The report by the Center on Education Policy reveals that in the 2010-11 school year, 25 states have or plan to implement policies that require students to pass end-of-grade or end-of-course exams to earn a high school diploma -- a figure down from 28 the year before. Six more have or plan to implement exit exams that do not mandate a minimum passing standard for graduation. The change comes as Georgia, North Carolina and Tennessee changed their exit exam requirements that instead factor student scores from those tests into the student's final grade in a course required for graduation.
The state figures equate to 65 percent of all public school students nationwide required to take exit exams for graduation in the 2010-11 school year, compared to 74 percent in 2009-10.
But as states are shying away from traditional exit exams, the trend is moving toward more testing tied to national standards that aim to prepare students for college and careers.
Of the 31 states that have or plan to implement exit exams, 27 are participating in national guidelines tied to the Common Core State Standards, and 16 of those states plan to replace their current exams with assessments tied to the Common Core.
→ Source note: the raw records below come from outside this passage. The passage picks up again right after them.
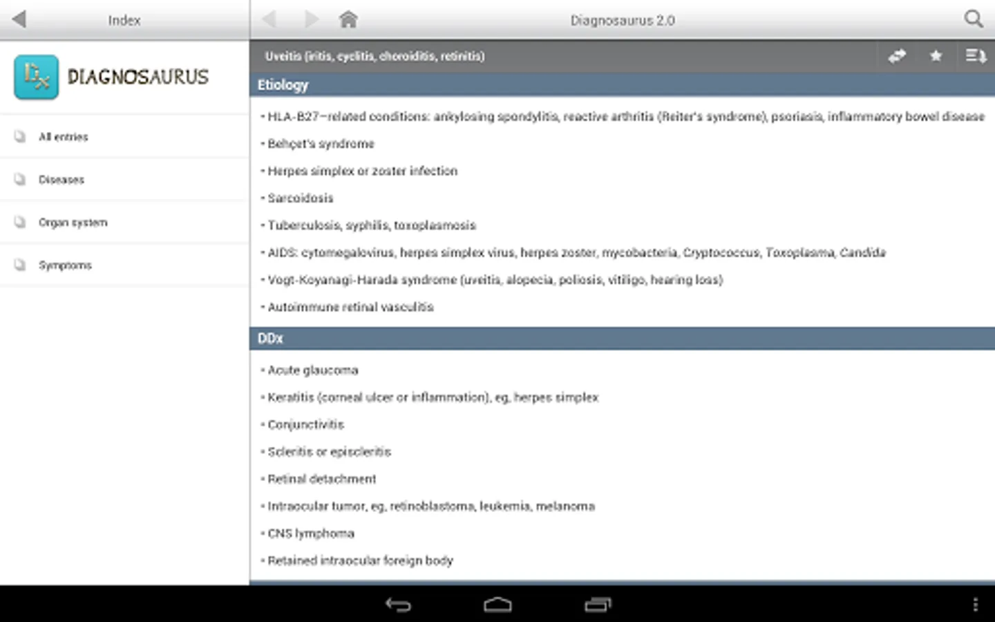 Diagnosaurus allows you to quickly search over 1,000 differential diagnoses by organ system, symptom, disease, or you can view all entries. The valuable "See Related DDx" feature within each listing helps you consider alternative diagnoses and quickly link to those entries.
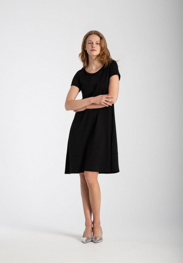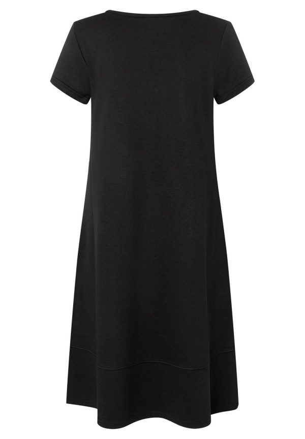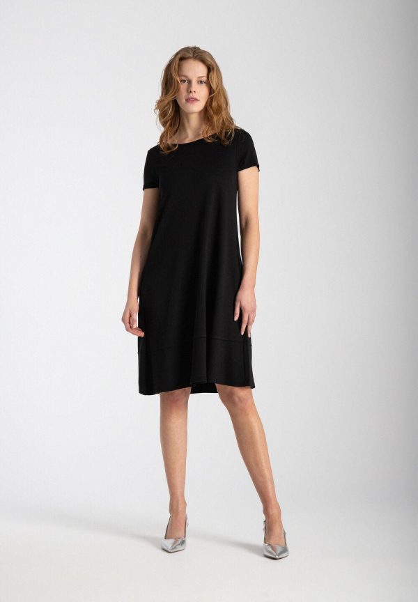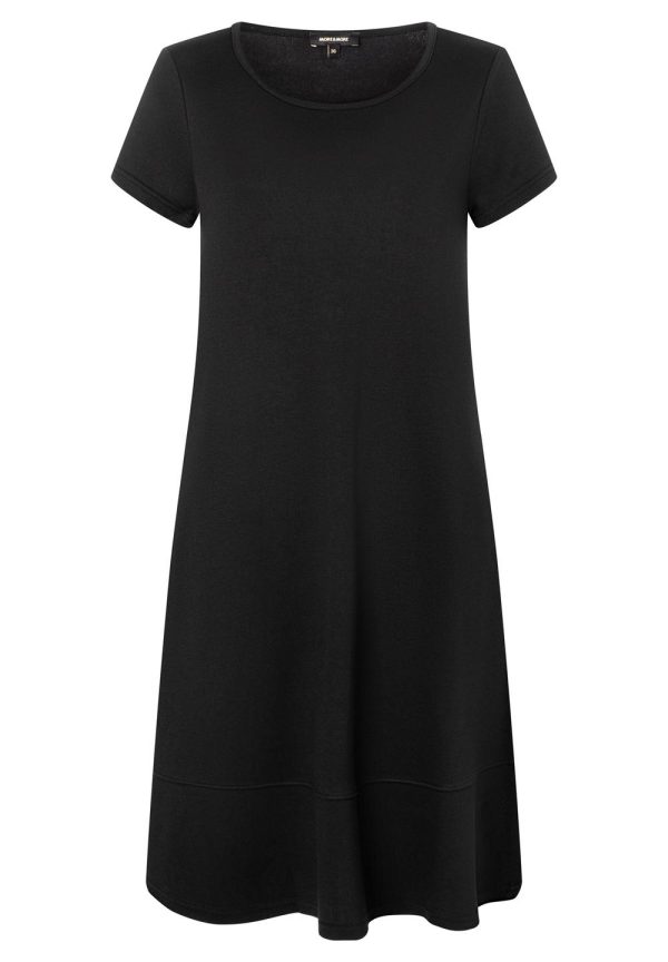 Schlicht und unkompliziert präsentiert sich das schwarze Jerseykleid von MORE & MORE mit rundem Ausschnitt und kurzen Ärmeln. Der lockere Schnitt und das angenehm fließende Material garantieren einen hohen Tragekomfort und machen das Kleid zum absoluten Lieblingsteil.
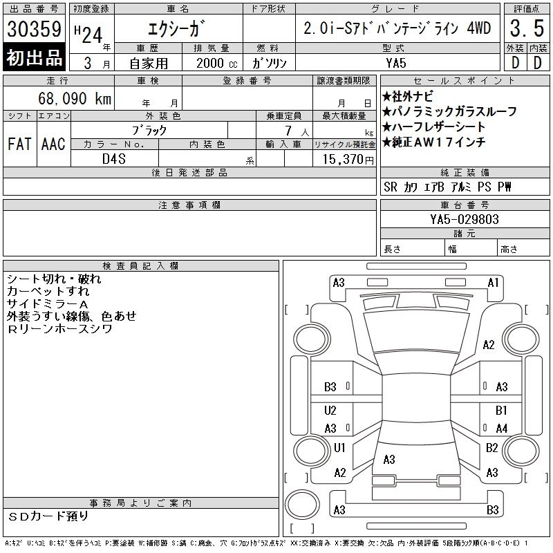 | 2.5I SPEC B EYESIGHT | DBA-YAM | FB25 | Full-time 4WD | CVT | 2498cc | 173ps(127kW)/5600rpm | AИ-92 | 2 782 500 |
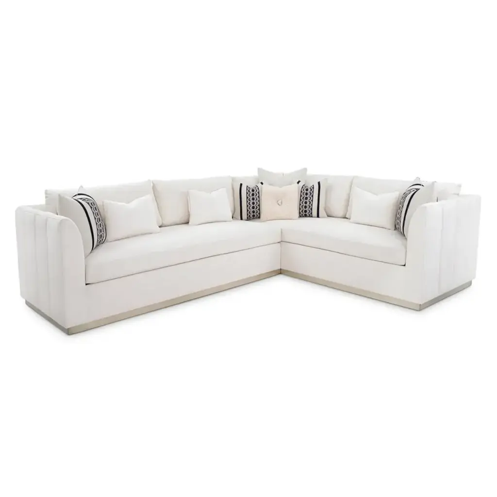 The right-facing Paris L-Sectional Sofa displays a plinth base of beech wood in burnished silver, paired with upholstered channel detailing along the inside and outside of the back. The piece is shown in gorgeous Nomad Snow 1109 fabric, accented with small welt trim in Gimlet String 1120 along the frame. Nine throw pillows in a variety of fabrics, one with a quartz crystal, complete the look.
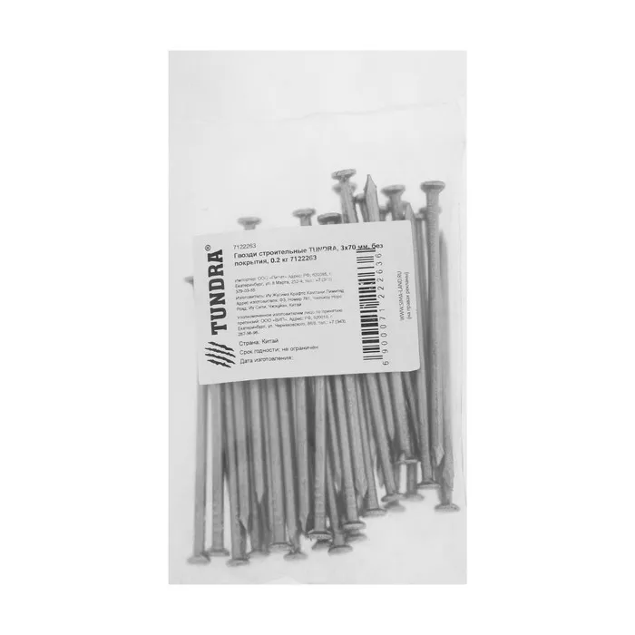 Гвозди ТУНДРА, строительные, ГОСТ 4028-63, без покрытия, 3×70 мм, фасовка 0.2 кг — Характеристики
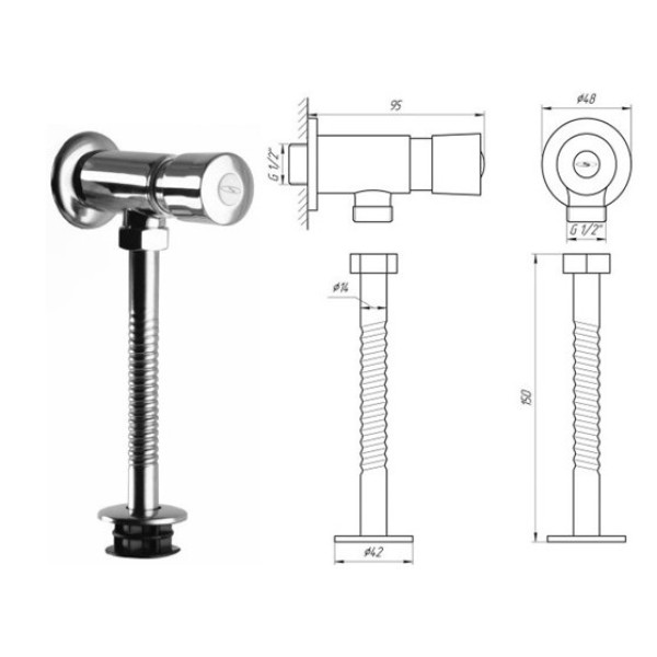Кран-дозатор має компактну конструкцію, що легко інтегрується в систему санітарної техніки. Він встановлюється безпосередньо на пісуарі, забезпечуючи точне дозування води для змиву. Пристрій ідеально підходить для громадських та комерційних санвузлів, де важлива ефективність витрат води та гігієнічність процесу.
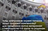 Уряд урегулював окремі питання виплати грошової компенсації за житло деяким категоріям ветеранів та їхніх родин
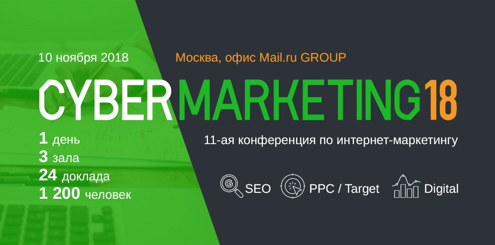 10 ноября в московском офисе Mail.ru состоится ежегодная конференция по интернет-маркетингу CyberMarketing-2018
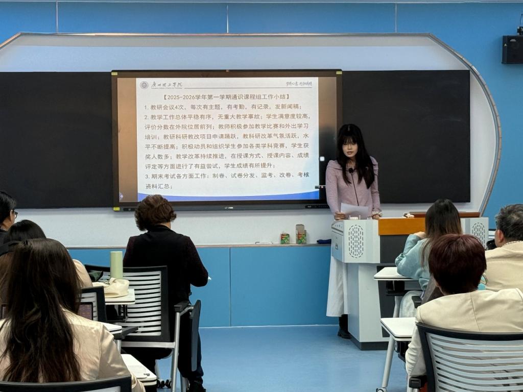 本次会议主要围绕上学期课程组工作总结和近期重点工作部署等议题展开。会议伊始,马助理宣布了将由翟俊丽老师担任通识课程组组长的通知。随后,翟俊丽老师作任职发言。她对学院的信任与各位老师的支持表示诚挚感谢,并表示此次任职既是责任也是锻炼机会,今后她将积极与各方沟通协调,扎实推进课程组各项工作,与全体教师携手推动课程组发展再上新台阶。马助理随即代表课程组,对上一任组长郑雨娴老师的辛勤付出表示衷心感谢,肯定其为课程组规范化建设、教学质量稳步提升作出的重要贡献,并期待在翟组长的带领下,通识课程组各项工作实现新突破。
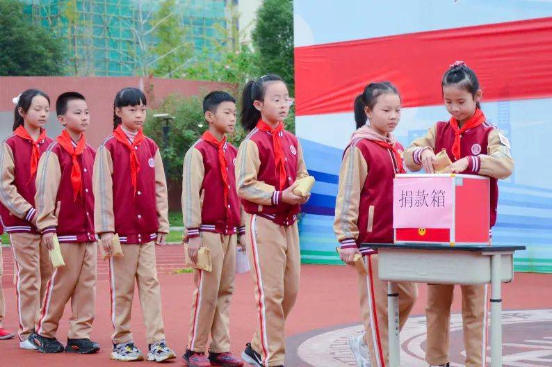 在第九周升旗仪式上,一份份爱心源源不断地放进捐款箱,政通娃们用自己的善行义举,为受助者燃起生命希望。此次活动所得善款学校将捐献至区慈善会,让爱继续传递下去。
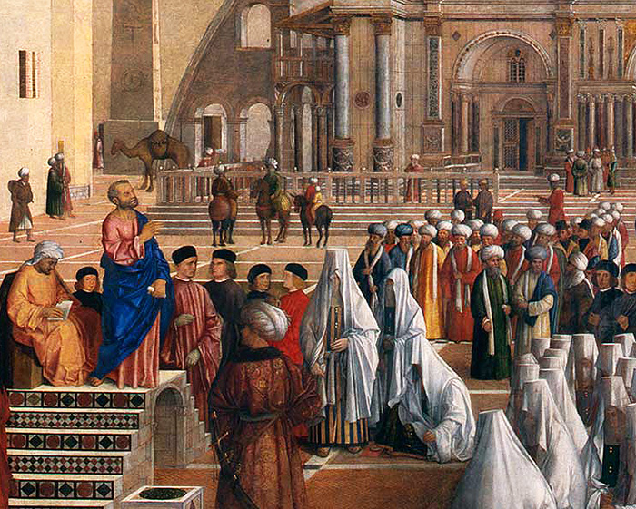 Markus predigt in Alexandria. Gemälde von Giovanni Bellini (1435-1516),Brera Milano.
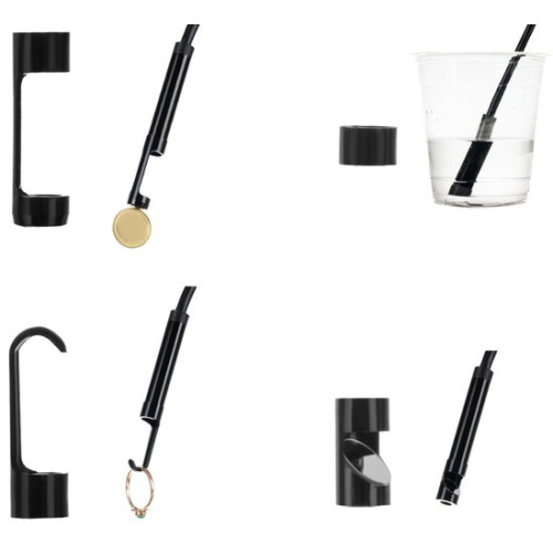 - 4 СОВЕТА ВКЛЮЧЕНЫ — камера имеет целых 4 сменных насадки. У каждого из них своя функция (классический наконечник, крючок, магнит, зеркало). Камера подключена к длинному кабелю, который очень гибкий и прочный. Вы можете легко добраться даже до очень труднодоступных мест и увидеть причину неисправности.
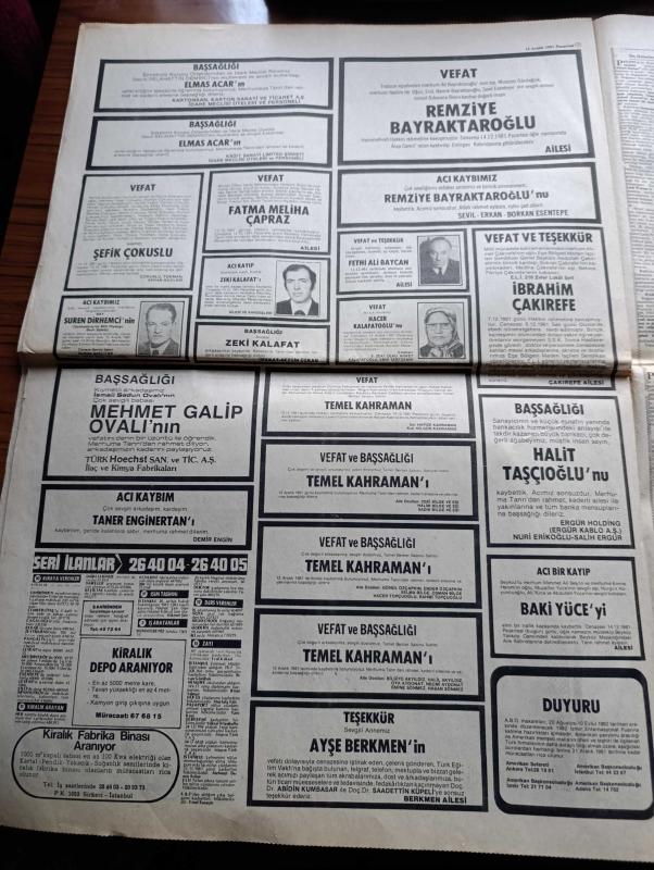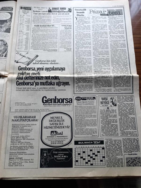 Hürriyet Gazetesi - Turkish Newspaper - 14 Aralık 1981 - polonya'daki gizli Sovyet üsleri alarma geçirildi - Polonya'da Ordu yönetimi el koydu tutuklamalar başladı - Walesa'ya ne oldu - Polonyalı turistler Walesa için ağladı Fotoğrafı - Papa dünyayı Polonya için duaya çağırdı - Polonya'da ilk tutuklananlar arasında Komünist partisinin eski başkanı Gierek de var - Beş bakan istifa etti - THKPC Dev Sol Kurtuluş Türkiye Devrimci Komünist Partisi üyesi 102 militan yakalandı - güzel Farrah Fawcett evlilik yolunda Fotoğrafı - Altan Poyraz İstanbul radyosu müdür muavinliğine atandı - Ahmet Özhan Mevlana törenlerinde ayinhanlık yapıyor Fotoğrafı - Kenan Evren Galatasaray Lisesi'nin 500. Kuruluş yıl dönümü törenlerine katılıyor - Hülya Koçyiğit Müjde Ar Zerrin Egeliler bebek parkta - Muazzez Abacı Mehmet Ali Erbil Erol Evgin büyük Maksimde - Ümit Besen Taksim Lalezar'da - Oba restoranda Necdet Tokatlıoğlu - Galatasaray 0 Altay 0 - Fenerbahçe yine lider - voleybolda Eczacıbaşı zaferi adlı eser, Kitap > Süreli Yayınlar > Gazeteler > Türkiye > Genel > Günlük kategorisinde İkinci El olarak satıştadır.
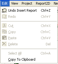 The Designer Desktop > Edit Pulldown for Report WindowWhen the Report Window is the active window, the Edit pulldown menu is the following:
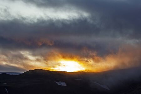 Sunset in mountain and misty terrain of Iceland. Nature and places for wonderful travels
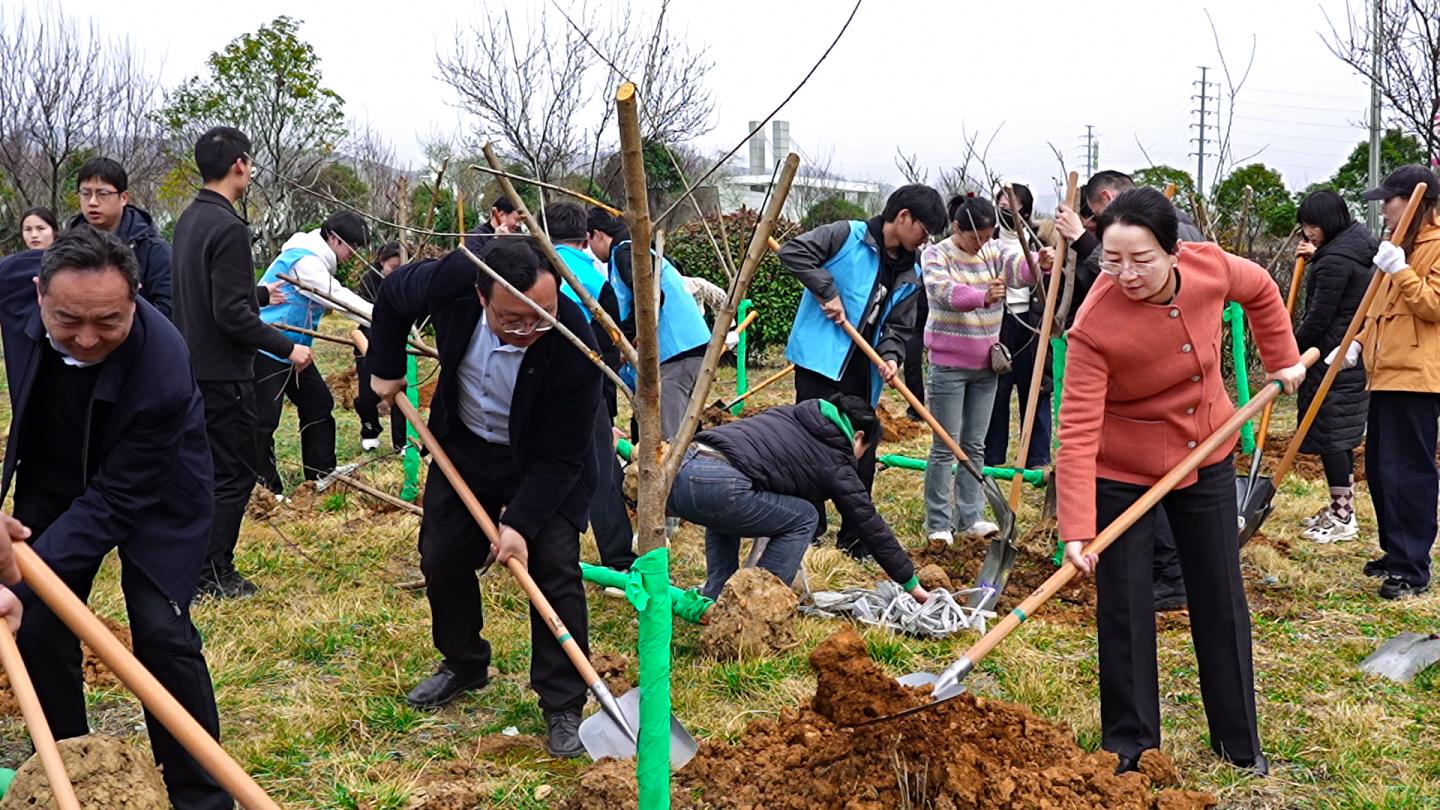 春回大地万物苏,植树添绿正当时。3月12日,正值第47个植树节,全体校领导,相关部门负责人及师生志愿者一同参加义务植树活动,在丹江校区栽植树苗,营造爱绿植绿、护绿兴绿的校园文化氛围。植树现场热火朝天,师生们相互配合、分工协作,铲土围堰、扶苗填坑、培土压实、提水浇灌,栽种50株樱花、50株碧桃,为把校园建设为“推窗见绿、起步闻香”的育人沃土增添了新的生机。(文/王鹏举 图/高轶真 宋嘉敏 编辑/审核 王霄飞
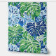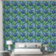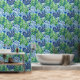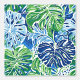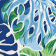 A seamless pattern featuring blue and green monstera leaves on a white background. The design has a hand-painted appearance, blending cool and natural tones to create a fresh and vibrant tropical effect.
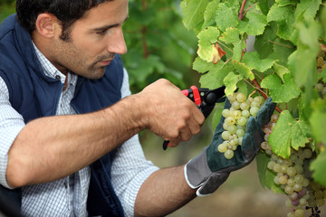 A farmer walks through his vineyard harvesting grapes in french wine country.
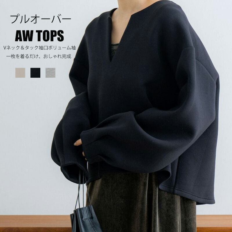 タック入りボリューム袖プルオーバー スウェット パーカー ショート丈 コンパクト 長袖 vネック 小顔 オシャレ 大人可愛い ライトアウター レイヤードトップス

"But it's not clear whether they will attach graduation-related requirements to these new assessments," Shelby McIntosh, CEP research associate and author of the report, said in a statement Thursday.
The report also found that 11 states require students to take the ACT or SAT college entrance exams while in high school, but don't mandate a passing standard, and 16 states offer tests that aim to assess college- and career-readiness.
While the exams are intended to examine a student's preparedness post-high school, just one state -- Georgia -- actually uses high school exit exams in employee hiring and higher education applications, and few recognize that they administer standardized exams for the explicit purpose of assessing readiness.
Such a shift toward greater emphasis on college- and career-readiness reflects response to a federal impetus for preparation and advancement assessment. The White House and U.S. Department of Education have long stressed improved preparedness among the nation's high schools, and have implemented programs and incentives that encourage schools to push for higher standards. Last month, the Education Department awarded $4.8 million to northwest Denver schools as part of its Gaining Early Awareness & Readiness for Undergraduate Programs to do just that.
But states are still struggling to keep up. A report last month revealed dismal history education standards in Texas, contributing to a low level of college readiness among the state's high school students.
In 2006, when the College Readiness Standards were created, 40 percent of Texas college students weren't prepared. Last year, 48 percent of those entering community college and 14 percent of incoming college freshmen needed remedial courses in at least one subject, and the gap is growing.
National figures released in August echo the Texas readiness report: just 25 percent of ACT test-takers met college preparedness standards for English, math, reading and science, whereas nearly one-third didn't meet any of those standards. And now, parents and students are looking to new and alternative ways of college remediation.
New York's High School Progress Reports released in October revealed that just a quarter of students graduating from New York City high schools this year were prepared for college coursework, and fewer than half of all students enrolled in college four years after entering high school.